→ **INPUT**:
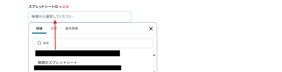 スプレッドシートIDは、先ほど事前準備で作成したシートを候補から選択してください。
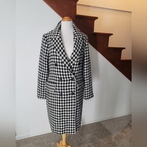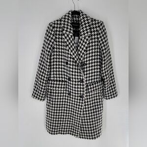 BCBGMAXAZRIA Black White Wool Blend Houndstooth Double Breasted Coat M New
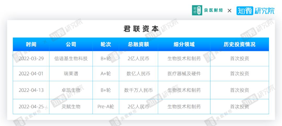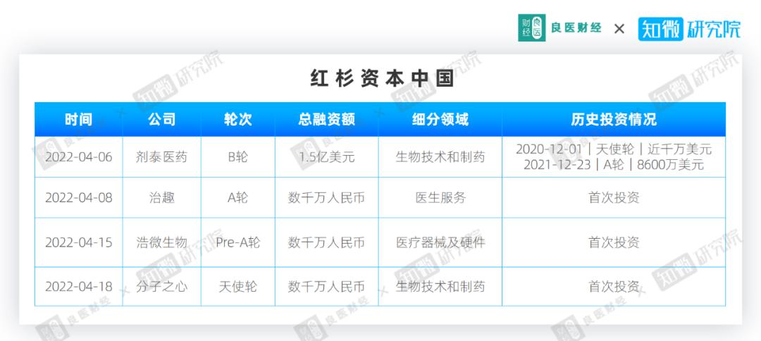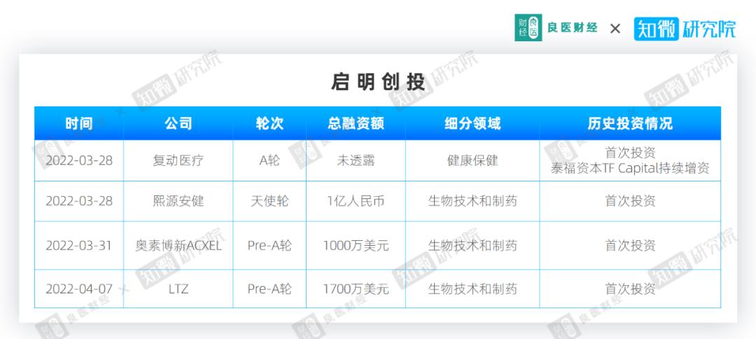 4月医疗健康领域投资概况
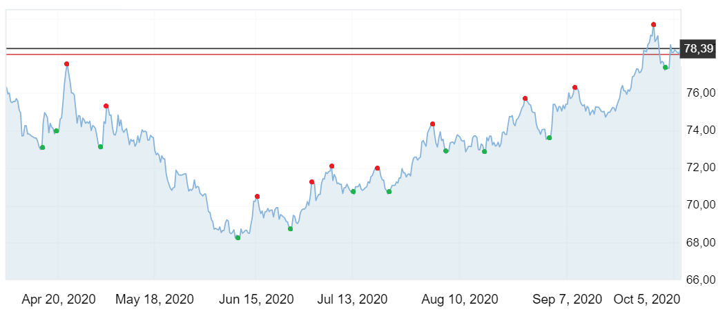 Чтобы заработать на курсовой разнице, нужно стремиться к последовательности: купили валюту в зелёной точке, продали в красной. Идеально попасть в минимальные и максимальные точки вряд ли получится — для этого быть профессиональным трейдером. Но если вы будете покупать валюту на падении и продавать на росте, то сможете заработать.
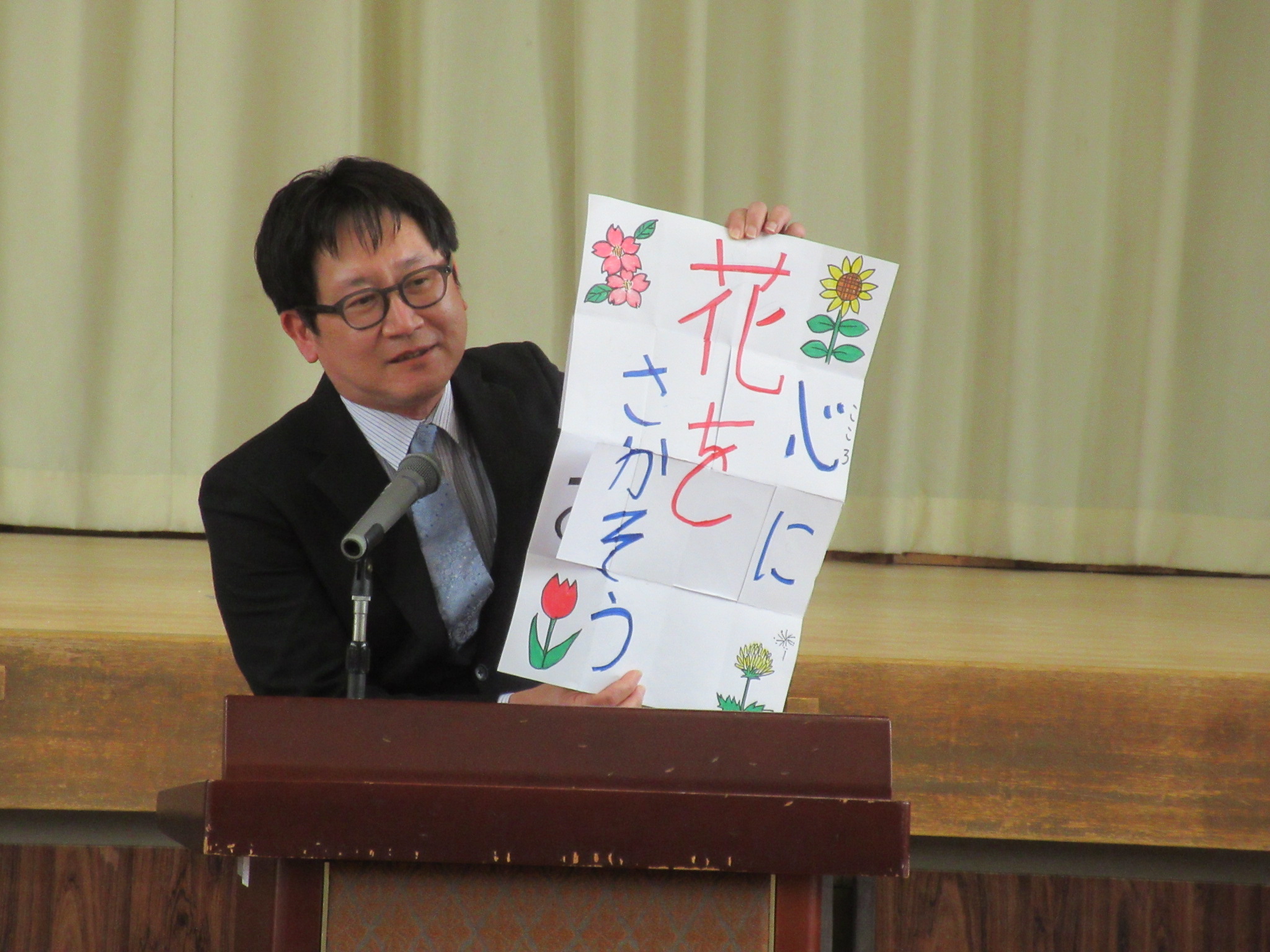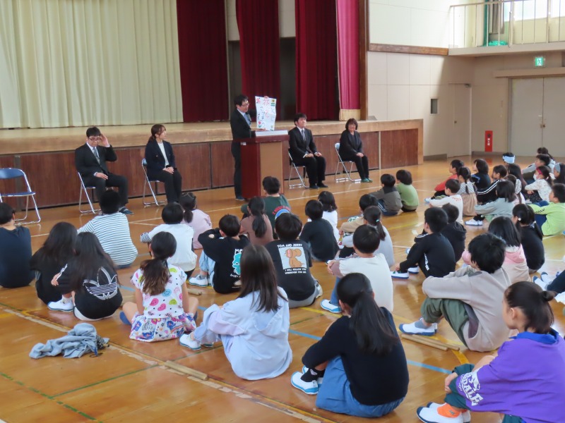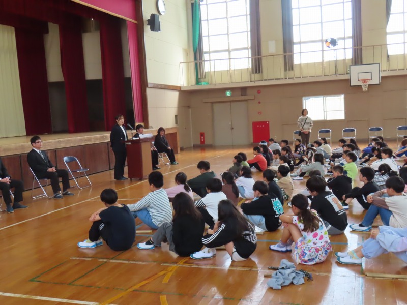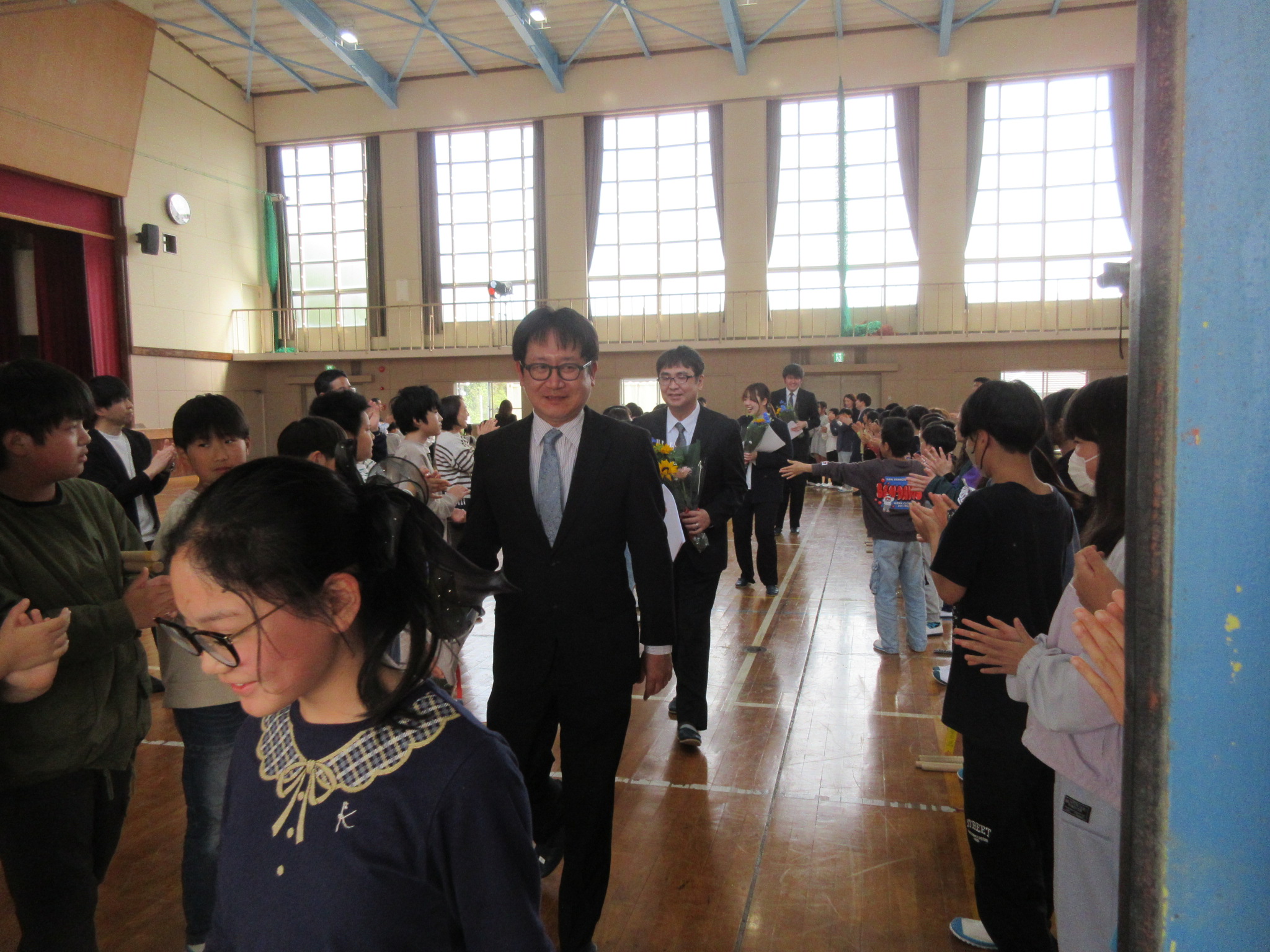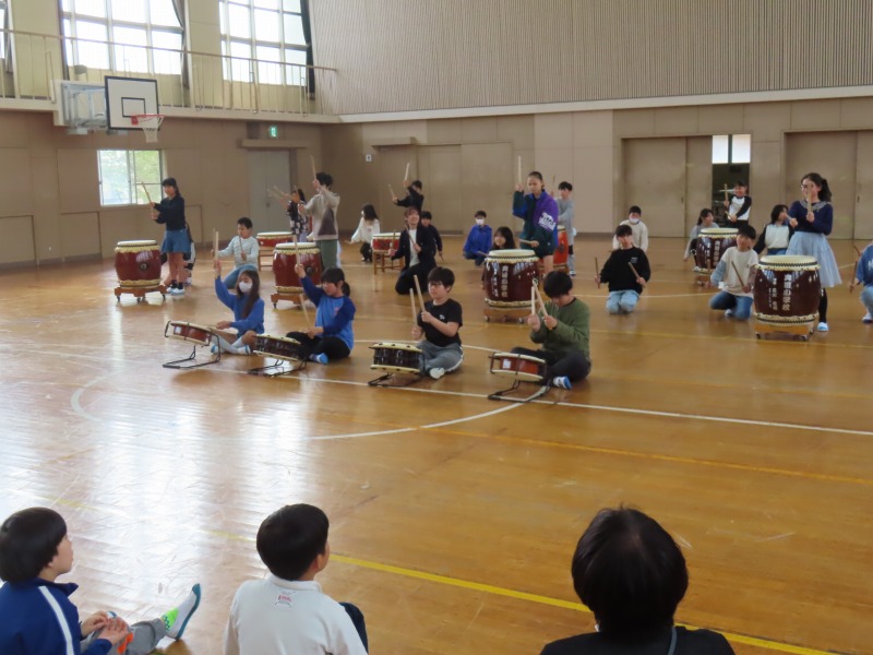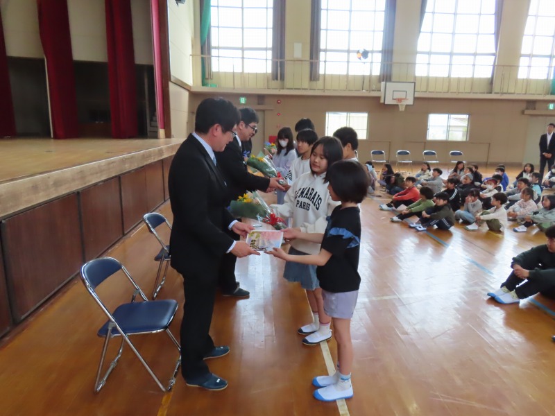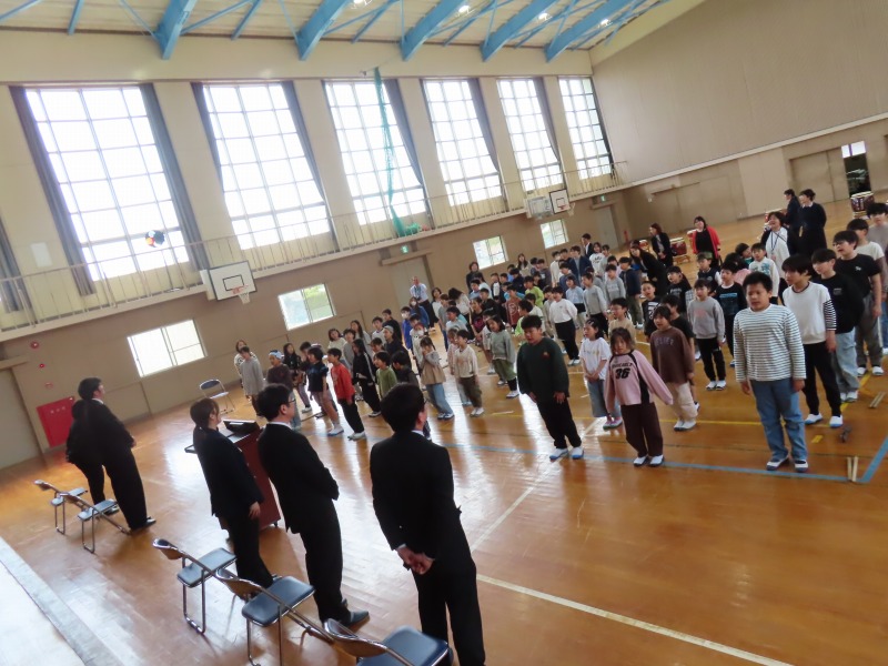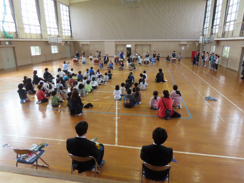 3月末の異動で転出された先生方をお招きし、離任式を行いました。お一人お一人からのお別れのあいさつは、子どもたちの心に響いたことだと思います。会の最後には和太鼓を披露し、心温まるお別れの式となりました。転出した先生方のこれからのご活躍を祈るばかりです。

→ **EXERCISE DIRECTIONS**:
Exact copy, no images: rewrite the entire listing above.

→ **ANSWER FOR THE TASK**:
 スプレッドシートIDは、先ほど事前準備で作成したシートを候補から選択してください。
 BCBGMAXAZRIA Black White Wool Blend Houndstooth Double Breasted Coat M New
 4月医疗健康领域投资概况
 Чтобы заработать на курсовой разнице, нужно стремиться к последовательности: купили валюту в зелёной точке, продали в красной. Идеально попасть в минимальные и максимальные точки вряд ли получится — для этого быть профессиональным трейдером. Но если вы будете покупать валюту на падении и продавать на росте, то сможете заработать.
 3月末の異動で転出された先生方をお招きし、離任式を行いました。お一人お一人からのお別れのあいさつは、子どもたちの心に響いたことだと思います。会の最後には和太鼓を披露し、心温まるお別れの式となりました。転出した先生方のこれからのご活躍を祈るばかりです。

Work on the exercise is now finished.